Шрифт:
Интервал:
Закладка:
Замешательство женщины грузчиков не удивило, они, слава богу, на такой работе ко всему привыкли. С пьяной бесцеремонностью рассматривали мужчины Зою Сергеевну, словно прикидывая, кто из них возьмет ее тело за ноги, а кто — за руки.
— Где покойник? — не вынес молчания первый грузчик.
— У нас пока только гроб…
— Пустой гроб мы не повезем! — заверил второй грузчик.
— Где покойник?
Он сам придет на кладбище…
— Если покойник придет своим ходом, то сами и гроб везите! Распишитесь в квитанции и оплатите за срочность!
— Гоша! — Зоя Сергеевна ринулась в комнату за помощью.
Гоша сладко спал в гробу. Грузчики увидели его через открытую дверь.

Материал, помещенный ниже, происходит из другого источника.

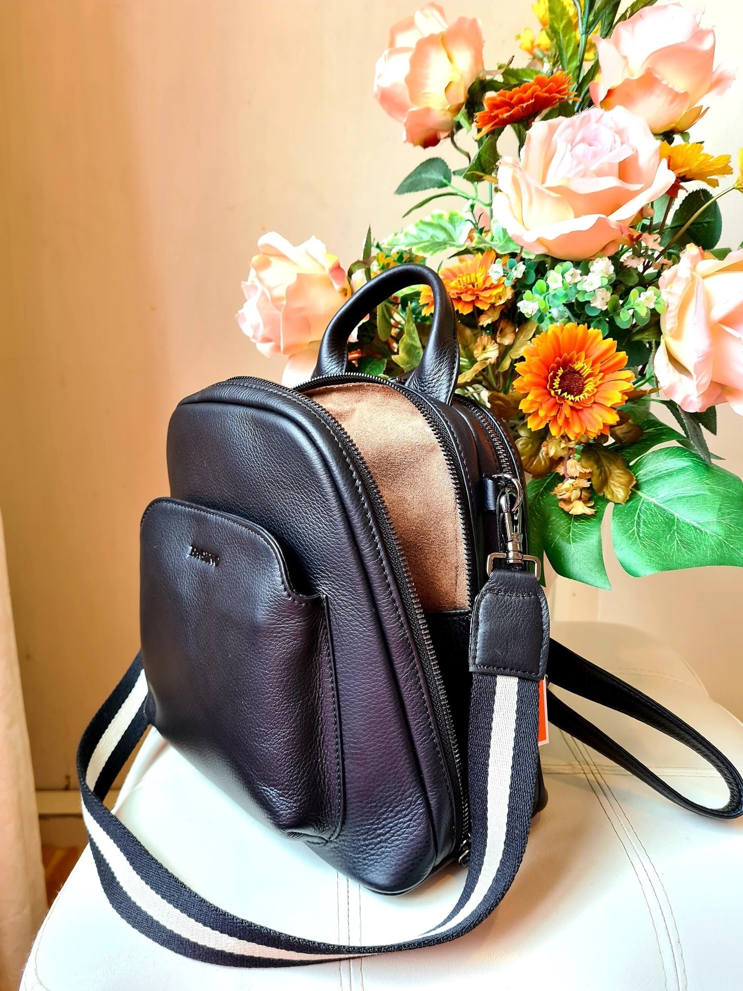 Best bang, genuine leather backpack, 2 zips, comes with a spot strap, very chic, very beautiful, applicable for all genders and ages. Lightweight suede.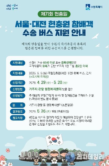 리치데일리 김상현 기자 | 수원특례시가 제71회 현충일인 6월 6일, 국립현충원(서울·대전)까지 이동이 여의치 않은 국가유공자 유족을 위해 현충원 왕복 수송버스를 운행한다.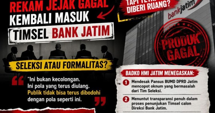 Pasalnya, oknum Komisaris Independen Bank Jatim yang sebelumnya terlibat dalam proses seleksi dan terbukti melahirkan “produk gagal”, justru kembali diberi ruang sebagai bagian dari Tim Seleksi (Timsel) calon direksi Bank Jatim.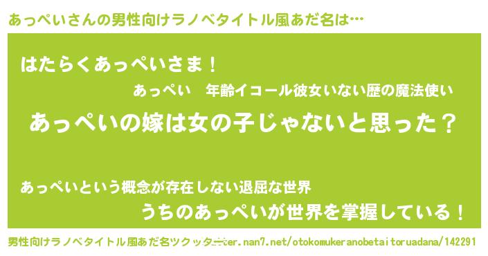 | 女子向けラノベタイトル風あだ名 | 『あっぺい様がみてる』 |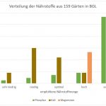 Stickstoff als „Motor des Pflanzenwachstums“ kann nur sehr aufwändig im Boden gemessen werden und sickert mit dem Regen- und Gießwasser leicht in tiefere Bodenschichten. Deshalb ist im Frühjahr eine Stickstoff-Langzeitdüngung in Form von Hornspänen oder Schafwollpelletts sinnvoll. Diese werden langsam abgebaut und geben stetig kleine Mengen Stickstoff an die Pflanzen ab. Beim Blick auf die Verteilung der einzelnen Nährstoffe in den 159 genommenen Proben fällt auf, dass der Anteil von Magnesium in allen Proben hoch oder sehr hoch ist. Dies ist auf das magnesiumhaltige Kalkgestein im Berchtesgadener Land zurückzuführen und beeinträchtigt das Pflanzenwachstum nicht. Allerdings sollte bei mineralischer Düngung auf Dünger mit zusätzlich Magnesium verzichtet werden. Über drei Viertel der Proben weisen einen hohen bis sehr hohen Phosphorgehalt auf. Zwar ist Phosphor wichtig für gesundes Wachstum und maßgeblich für eine gute Entwicklung von Blüten, Früchten und Samen verantwortlich und sollte immer für die Pflanze verfügbar sein, doch ein zu viel des Guten kann auch negative Auswirkungen haben. Zum einen wird auch Phosphor ausgewaschen und beeinträchtigt die Umwelt, speziell Fließgewässer und Seen, negativ. Zum anderen kann es passieren, dass andere Nährstoffe durch das Überangebot an Phosphor von den Pflanzen nicht mehr aufgenommen werden können. Bei der Hälfte der Böden hingegen ist zu wenig Kali enthalten. Kali ist verantwortlich für die Wasserversorgung der Pflanze und beeinflusst dadurch Stabilität, Abwehrkräfte und die Fruchtqualität. Stippige Äpfel und der „Grünkragen“ an Tomaten sind z. B. auf Kalimangel in der Frucht zurückzuführen.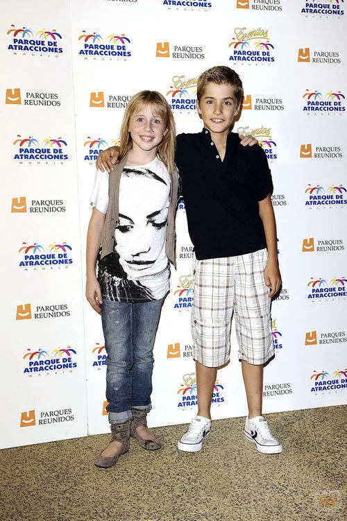 Denisse Peña y Javier Cidoncha, de 'El internado', en la presentación de Star Flyer en el Parque de Atracciones.
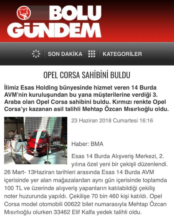 2017'de Bolu 14 Burda Alışveriş Merkezi'nin araba çekilişinden Audi A3 marka otomobil kazanan CHP'li Özcan ailesinin ardından 2014 yılında yerel seçimlerde CHP'nin Bolu Belediye Başkan adayı olan Mehtap Ö. M'nin de 2018'de çekilişe katılan 70 bin 460 kişi arasında son model Opel Corsa marka araba kazanan talihli olduğu anlaşıldı. CHP'li isimlerin arka arkaya araba çekilişi talihlisi olması şanstan öte bir skandal olarak nitelendirildi.'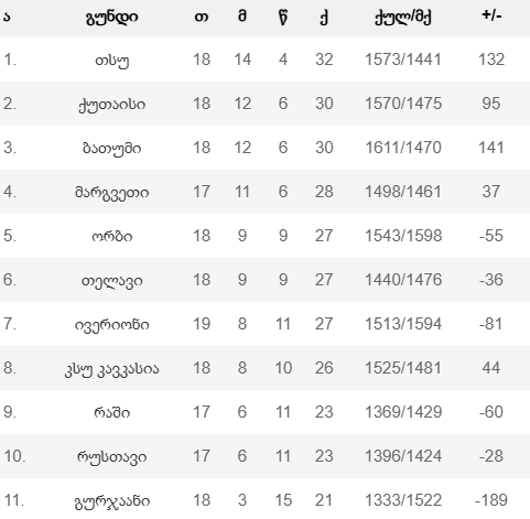 რუსთაველთაგან საუკეთესო შედეგი ნიკოლოზ ჩქოთუამ დააფიქსირა: 11 ქულა, 8 მოხსნა, 5 ჩაჭრა, 3პასი. 12 ქულა ლუკა ტაბაღუას ანგარიშზე დაგროვდა. 11 ლუკა მუჯირიშვილმა მიითვალა. გურჯაანში 20 ქულით საუკეთესო ივანე ბაბუნაშვილი იყო. 15 ქულით დაასრულა მატჩი და ჩემპიონატი ლუკა ლურსმანაშვილმა.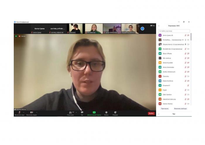 Доцентка кафедри правового забезпечення підприємницької діяльності та фінансової безпеки факультету № 6 Ірина Антол взяла участь у вебінарі «Інформаційна гігієна під час війни» через платформу Zoom.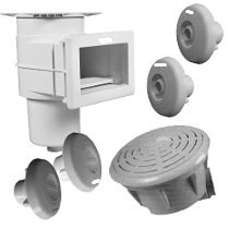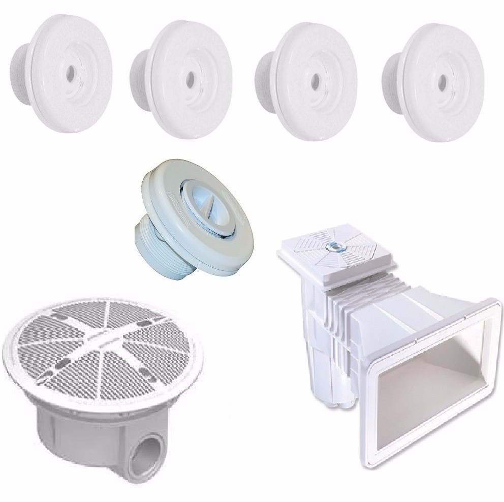 Dispositivos de retorno, aspiração, nível (ladrão ), ralo de fundo, skimmer ( coadeira ), saídas de hidromassagem, pontos para aquecimento e iluminação.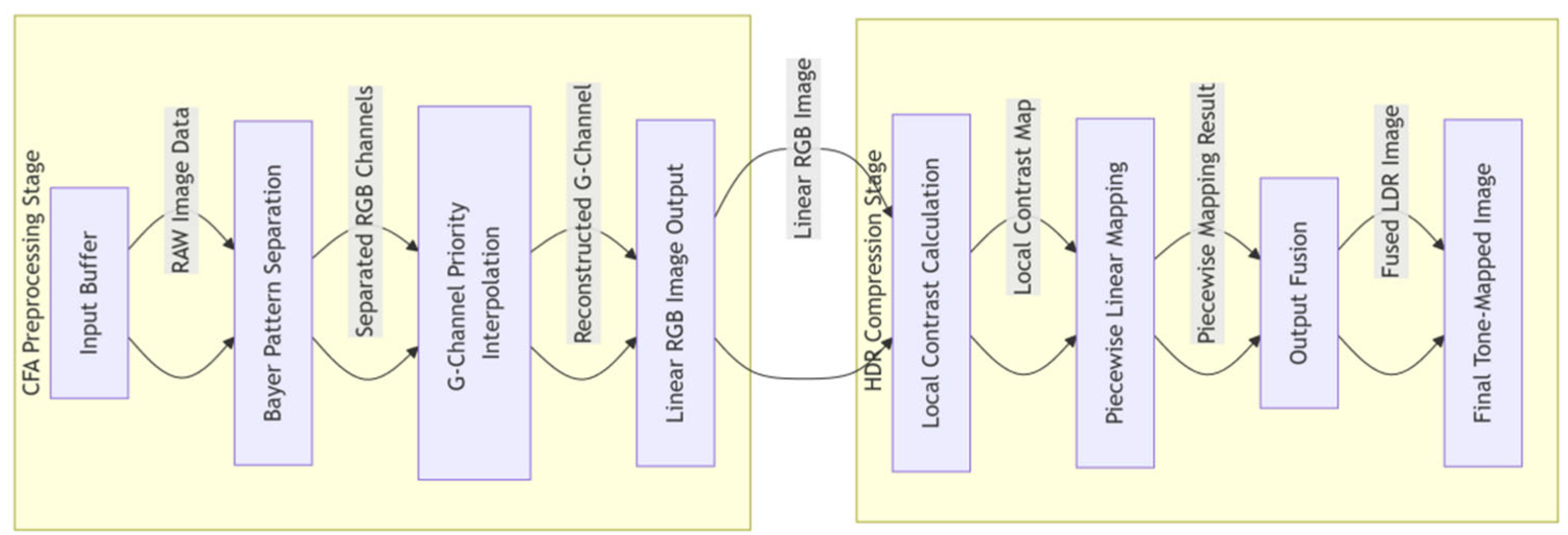 - HDR Compression: NAS-derived parameters configure piecewise linear mapping operators that dynamically compress high dynamic ranges while preserving tissue textures in low-light endoscopy.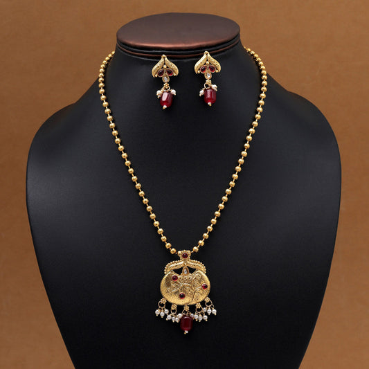 Rani Color Rajwadi Matte Gold Necklace Set (TPLN636RNI)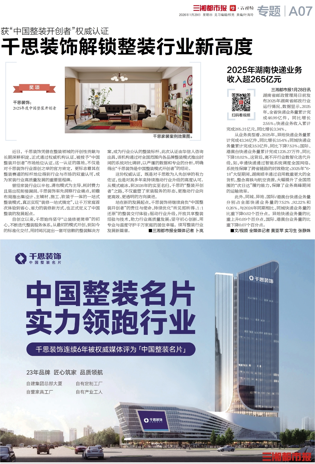 站在新的发展起点,千思装饰将继续肩负“中国整装开创者”的责任与使命,持续优化“所见即所得、1:1还原”的整装交付体验;驱动行业升级,开放共享整装经验与技术,助力行业高质量发展;坚守初心创新,用专业与温度守护千万家庭的居住幸福,续写整装行业发展新篇章。■三湘都市报全媒体记者 卜岚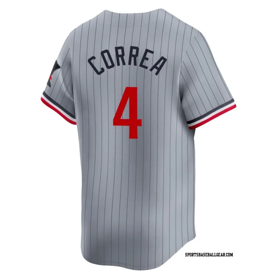 Get the Carlos Correa Men's Minnesota Twins Gray Limited Road Jersey, showcasing the latest design and premium quality for dedicated fans. Elevate your baseball wardrobe now!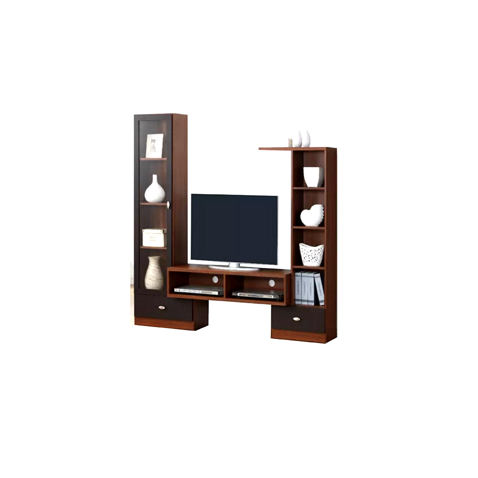 This entertainment center feature pair of bookshelf for your display collection, 2 shelf space for your electronic device and 2 drawers for other collection.

— А чего вы покойничка не хотите везти, вдова? — деликатно поинтересовался первый грузчик, с трудом сохраняя равновесие.
— Расставаться с ним не желаете? — с пьяной любознательностью спросил второй. — Все равно придется, куды ж денешься…
Грузчики протопали в сапогах, заляпанных грязью, по ковру. — Гоша застонал во сне и с неудовольствием пробудился. Приподнялся в гробу.
— Ты лежи, лежи! — заботливо уложил его первый грузчик. — Не надорвемся! Теперь твое дело маленькое!
— Мы люди привыкшие. Целыми днями покойников таскаем.
Гоголев оторопело уставился на работяг, дрыгнулся, но, одурманенный их хмельным дыханием, на мгновенье затих. И был тотчас погружен во тьму. Грузчики накрыл гроб крышкой и взялись за него с двух концов.
Гоша завозился в гробу, совершил попытку выбраться на свободу, но Зоя Сергеевна прикрикнула на него, как на собаку:
— Лежать!
И он затих в гробу, обожженный обидой. Только заскулил по-собачьи от страха и одиночества.
Когда грузчики с демонстративным кряхтеньем, покачиваясь, стали сносить гроб по лестнице, Зоя Сергеевна опомнилась. Что за дурь на нее нашла!
— Послушайте! — кинулась вдова к ребятам. — Нехорошо получилось… он ведь живой…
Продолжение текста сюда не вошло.